Social media also has a crucial role to play in the measurement of the most used words. The OED’s method for making its list involves software designed to scan new web content for new and emerging words, which inevitably skews the choices towards tech terminology. The Oxford team noted that its new verb. “binge-watch”, had “been used in the circles of television fandom since the late 1990s, but... has come into its own with the advent of on-demand viewing and online streaming.

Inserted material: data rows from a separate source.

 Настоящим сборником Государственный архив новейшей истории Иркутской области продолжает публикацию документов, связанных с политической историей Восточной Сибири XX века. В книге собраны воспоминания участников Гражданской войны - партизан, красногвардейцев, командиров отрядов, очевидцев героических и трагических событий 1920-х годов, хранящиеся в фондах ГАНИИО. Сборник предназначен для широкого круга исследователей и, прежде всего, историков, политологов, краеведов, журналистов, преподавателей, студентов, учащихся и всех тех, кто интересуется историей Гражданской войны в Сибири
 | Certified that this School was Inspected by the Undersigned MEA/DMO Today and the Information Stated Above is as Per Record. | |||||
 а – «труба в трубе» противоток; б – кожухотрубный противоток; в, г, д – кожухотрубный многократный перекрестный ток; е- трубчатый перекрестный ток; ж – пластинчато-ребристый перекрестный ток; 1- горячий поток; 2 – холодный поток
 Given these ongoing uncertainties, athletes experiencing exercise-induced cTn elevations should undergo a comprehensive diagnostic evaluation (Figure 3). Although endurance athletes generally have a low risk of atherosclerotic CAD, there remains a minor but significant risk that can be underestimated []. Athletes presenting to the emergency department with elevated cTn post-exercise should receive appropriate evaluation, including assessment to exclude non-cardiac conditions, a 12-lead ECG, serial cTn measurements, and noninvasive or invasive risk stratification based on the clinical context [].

In 2013, binge-watching got a boost when Netflix released episodes of its serial programming all at once.”

Another television viewing term to watch out for in 2014 would be “hate-watch”, which means tuning in to a particular show purely in order to slag if off on Twitter.

By this time next year you might plausibly tweet, for example, the following: “Binge-hate-watching Homeland on my phablet #TVgeek.”

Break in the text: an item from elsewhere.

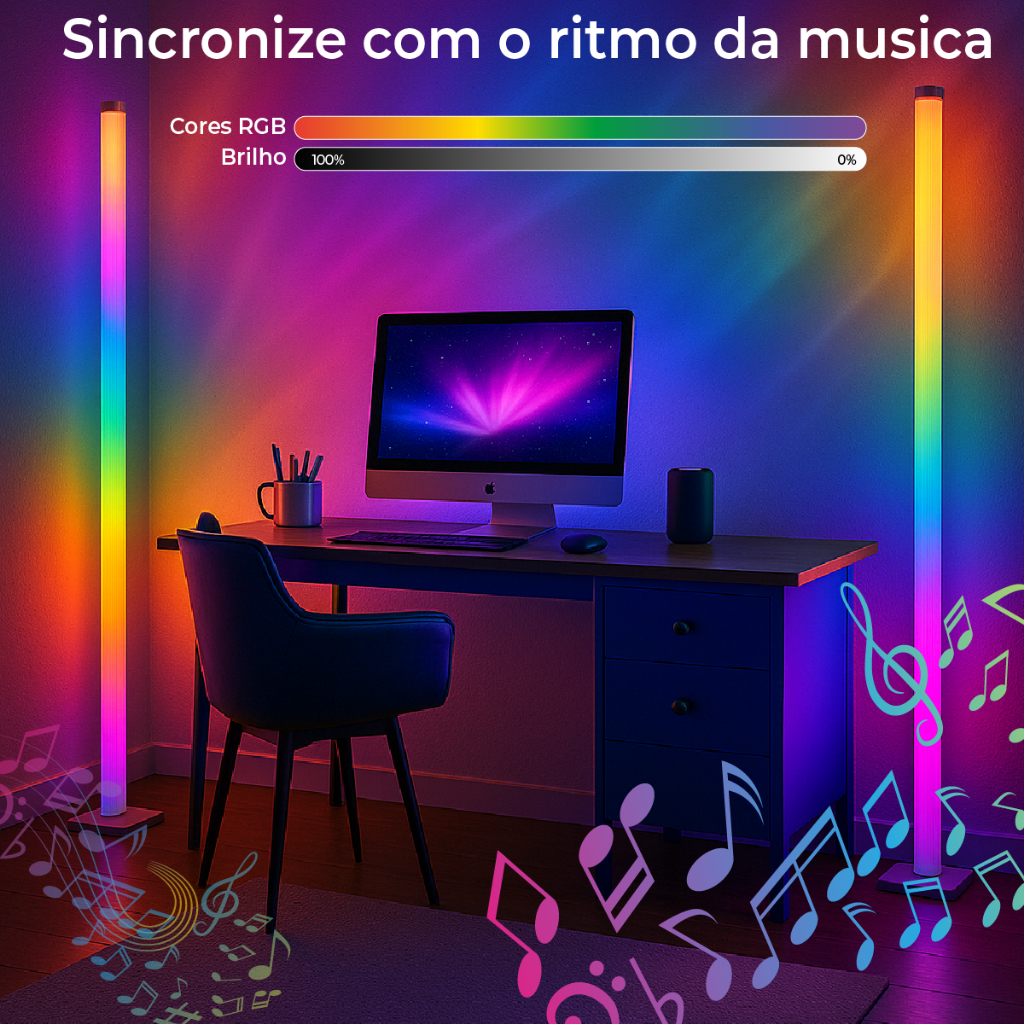 🌈 Luminária de Chão RGB LED Torre Inteligente com Controle | 9.6W | Modo Música | USB | 1,5M Transforme o ambiente da sua casa com uma iluminação moderna, vibrante e inteligente! Ideal para quem busca uma atmosfera criativa, aconchegante ou cheia de energia, a Luminária de Chão RGBIC 1,5M conta com diversos modos de luz, controle remoto e resposta sonora. 🎵 Funções Especiais: • 3 Modos de Música – Luzes que reagem ao som ambiente • Cores RGBIC – Mistura dinâmica de cores com efeito suave • Modo Estático e Branco Misto • Controle IR – Ajuste brilho, cor e modo com praticidade • Timer Automático – Desligamento em 1, 2 ou 3 horas • Ajustes no Controle: • Speed+ / Speed- • Mode+ / Mode- • Brightness+ / Brightness- 📐 Especificações Técnicas: • Modelo: LDFL-RGBIC-1.5 • Tamanho: 1500 x 125 x 125 mm • Material: ABS + PP • LEDs: 70 unidades – Tipo 5050 • Voltagem de Entrada: DC 5V (USB) • Potência: 9.6W • Cor da Luz: RGBIC • Controle: IR com bateria CR2032 (inclusa) • Alcance do Controle: < 5 metros • Classificação IP: IP20 – uso interno 💡 Ideal para: • Ambientes gamer • Estúdios criativos • Salas modernas • Quartos, eventos e decoração versátil ⚠️ ATENÇÃO: O título "Kit 8" não influencia na quantidade enviada. Escolha a quantidade desejada (2 até 8 peças) nas variações abaixo. 📦 Entrega rápida + Nota Fiscal!

A tale of two dictionaries: the words according to the Collins and Oxford dictionaries

Collins

Word of the year, 2013

  • geek - a person who is knowledgeable and enthusiastic about a specific subject

Runners-up

  • twerking: moving the hips up and down as part an erotically suggestive dance. A blend of “twist” and “jerk”
  • bitcoin: a digital currency  exchanged by users of the internet
  • phablet: a hand-held computer that is larger than a smartphone but smaller than a tablet computer
  • Plebgate: a public scandal in which cabinet minister Andrew Mitchell is alleged to have insulted police on duty in Downing Street by calling them “plebs”
  • fracker: a person or organisation involved in the extraction of shale gas through hydraulic fracturing
  • cybernat: a supporter of Scottish independence who is active on online forums
  • thigh gap: a gap between the top of the legs when a person stands with the feet together
  • olinguito: an animal of the raccoon family, living in the cloud forests of Colombia and Ecuador
  • Black Friday: the day after the US holiday of Thanksgiving, considered by retailers as the start of the Christmas shopping season
  • payday lending: the practice  of making short-term loans to people who are expected to repay them from their future earnings
  • Harlem Shake: an internet craze in which people perform a comic sketch involving wild dancing

Oxford

Word of the year, 2013

  • selfie: a photograph that one has taken of oneself, typically one taken with a smartphone or webcam and uploaded to a social media website

Runners-up

  • bedroom tax: a reduction in the amount of housing benefit paid to a claimant if the property they are renting is judged to have more bedrooms than is necessary for the number of the people in the household, according to criteria set down by the government
  • binge-watch: to watch  multiple episodes of a  television programme in  rapid succession, typically  by means of DVDs or digital streaming
  • bitcoin: a digital currency in which transactions can be performed without the need  for a central bank
  • olinguito: a small furry mammal found in mountain forests in Colombia and Ecuador, the smallest member of the raccoon family
  • schmeat: a form of meat produced synthetically from biological tissue
  • showrooming: the practice of visiting a shop or shops in order to examine a product before buying it online at a lower price
  • twerk: dance to popular music in a sexually provocative manner involving thrusting hip movements and a low, squatting stance. (Origin: 1990s; probably an alteration of “work”.)